センシティブ♥ボーイ
第24章 あいつのために
そーっとそーっと近づいて耳を澄ます。
『お、おい…そんな急がなくてもまだ時間あるって』
『で、でも…っぇけほっ…ケホケホ…ッ』
『ほら、だから言っただろ?ゆっくりでいいから』
昼休みはあと40分近くある。
何をそんなに急いでいるのだろう。
とことん趣味が悪いなとは思ったけど、俺はいつのまにかタンクのそばに座り込んで聞き入っていた。
『で、も…っでも…っこれ…食べないと…』
『あと二個じゃん。

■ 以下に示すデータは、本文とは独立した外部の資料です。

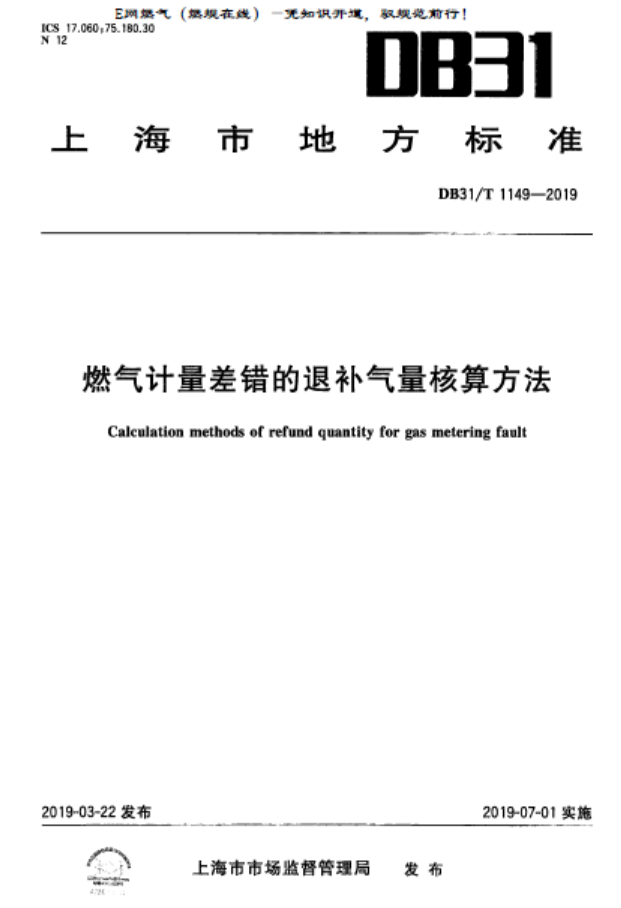 本標(biāo)準(zhǔn)適用于直接與供氣企業(yè)貿(mào)易結(jié)算的燃?xì)庥?jì)量裝置[工作壓力不大于0.4 MPa(表壓)的城市管道燃?xì)鈃發(fā)生計(jì)量差錯(cuò)退補(bǔ)氣量的核算。當(dāng)燃?xì)庥?jì)量裝置發(fā)生非正常計(jì)量或其他計(jì)量差錯(cuò)時(shí),退補(bǔ)氣量的核算亦可參照?qǐng)?zhí)行。

まだ時間あるからできるよ』
『ほ、ほんとう…っ?』
サトゥーがこんなに話してるの初めて聞いた。
結構かわいい声してんのな。
ていうか。
何ができんの?
そして何食べようとしてんの?
『お前の母さん知らねえの?これ嫌いだって…』
『知ってる…けど…食べなきゃダメって…』
『ほら、あと一粒。』
『うう…っね、これ食べたら…約束…っ』
『約束な。ちゃんとするから。頑張れ』
ずずっとマサがいつものイチゴミルクをパックから吸い出す音が聞こえた。